- _Data extract_
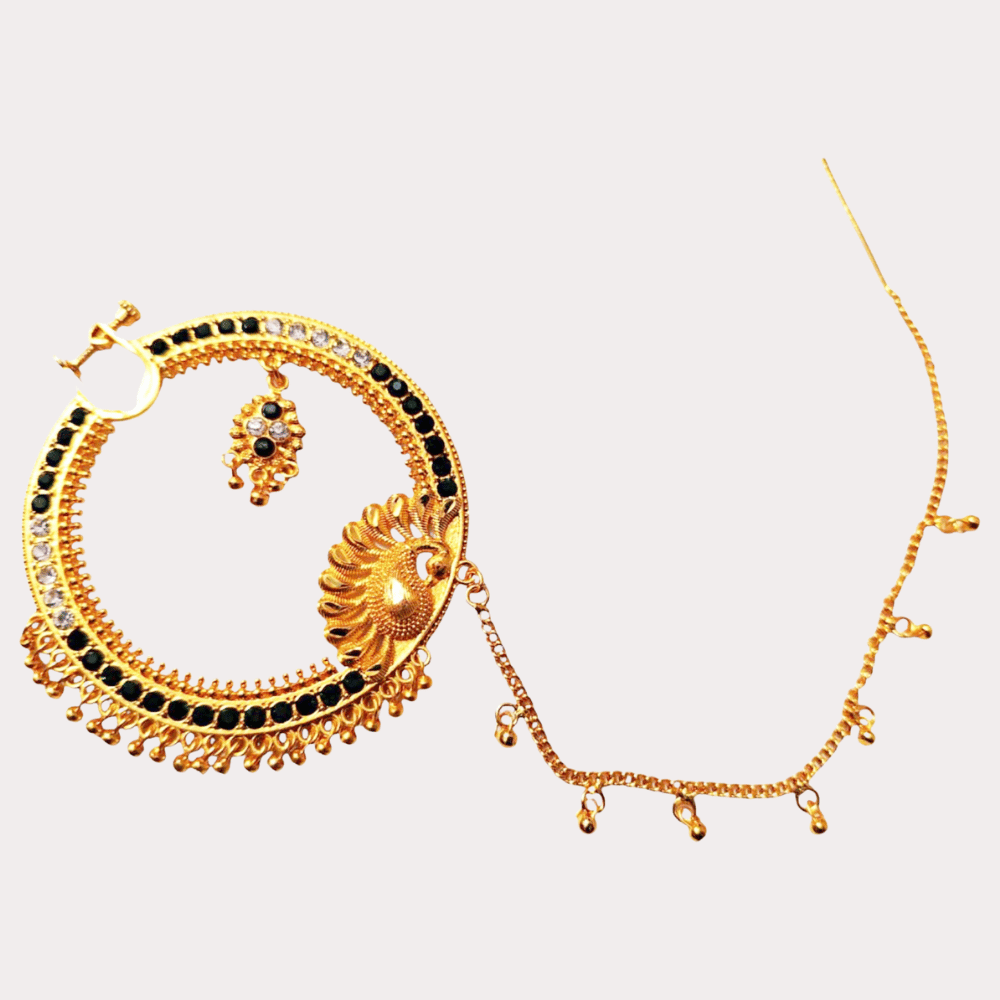 Royal Sun Design Bridal Nath with Chain – Gold-Toned Black and White Stone Nose Ring
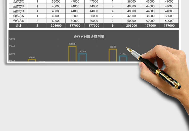 黑色采購發(fā)票和付款匯總表excel模板
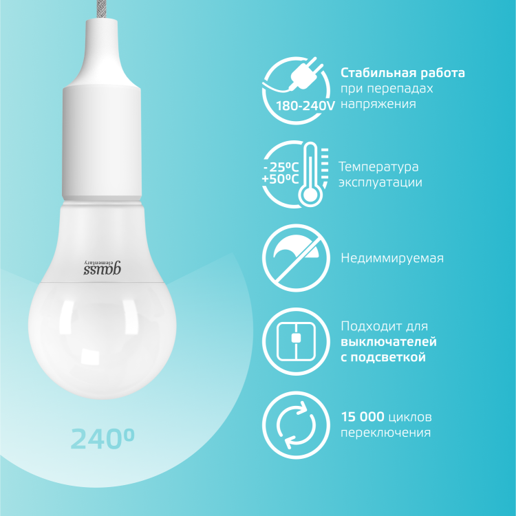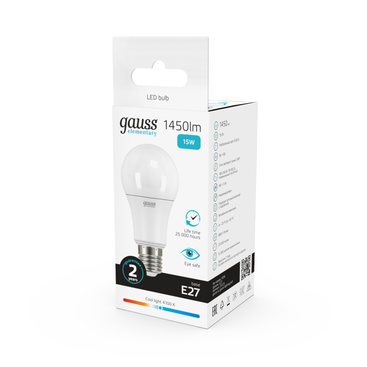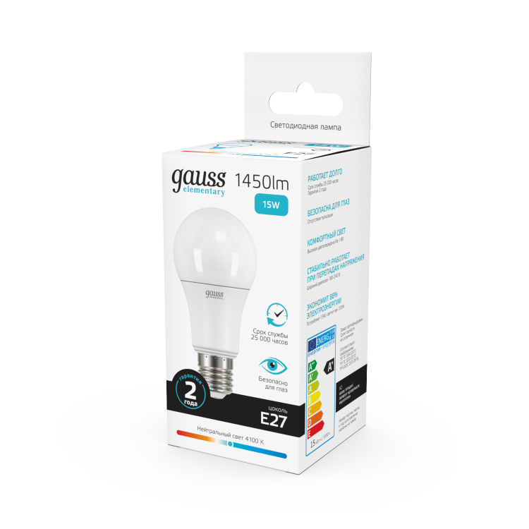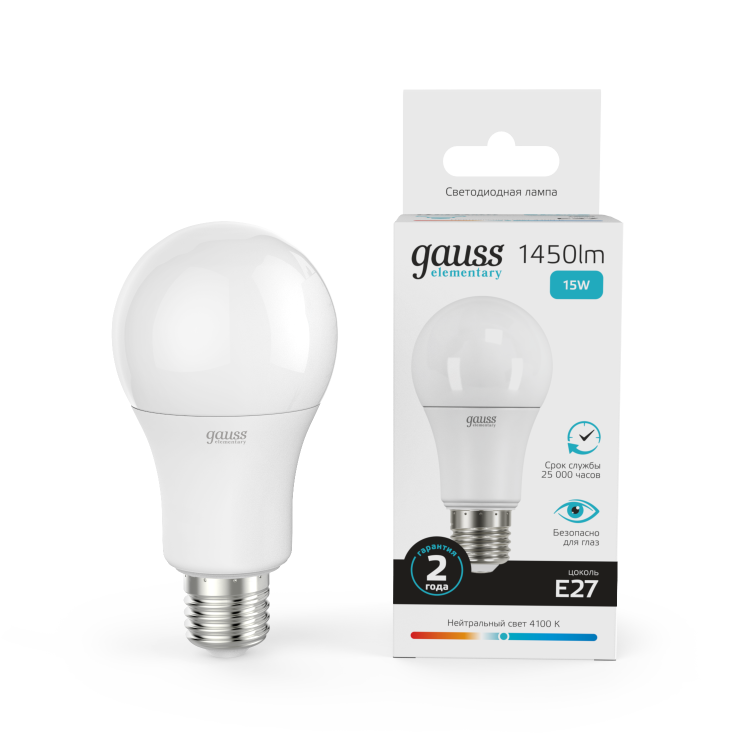 Лампа Gauss Elementary A60 сочетает всегда уместные энергоэффективность и функциональность с лаконичной формой. Светового потока лампы вполне достаточно для яркого, равномерного освещения в большинстве помещений. Благодаря светодиодной технологии, она потребляет всего 15 ватт энергии, что позволяет значительно сократить как затраты энергии, так и ваши расходы на её оплату. Цветовая температура 4100K наполнит помещение освежающим дневным светом. Это может быть иногда уместно даже в спальне, но лучше подойдет для гостиной или другого помещения, где вы хотите создать умеренно расслабляющую атмосферу.

- _Problem_
Take the line containing "黑色采購發(fā)票和付款匯總表excel模板" and every line after it through the end of the data, and write them out exactly, with no pictures.

- _Solution to the exercise_
 黑色采購發(fā)票和付款匯總表excel模板
 Лампа Gauss Elementary A60 сочетает всегда уместные энергоэффективность и функциональность с лаконичной формой. Светового потока лампы вполне достаточно для яркого, равномерного освещения в большинстве помещений. Благодаря светодиодной технологии, она потребляет всего 15 ватт энергии, что позволяет значительно сократить как затраты энергии, так и ваши расходы на её оплату. Цветовая температура 4100K наполнит помещение освежающим дневным светом. Это может быть иногда уместно даже в спальне, но лучше подойдет для гостиной или другого помещения, где вы хотите создать умеренно расслабляющую атмосферу.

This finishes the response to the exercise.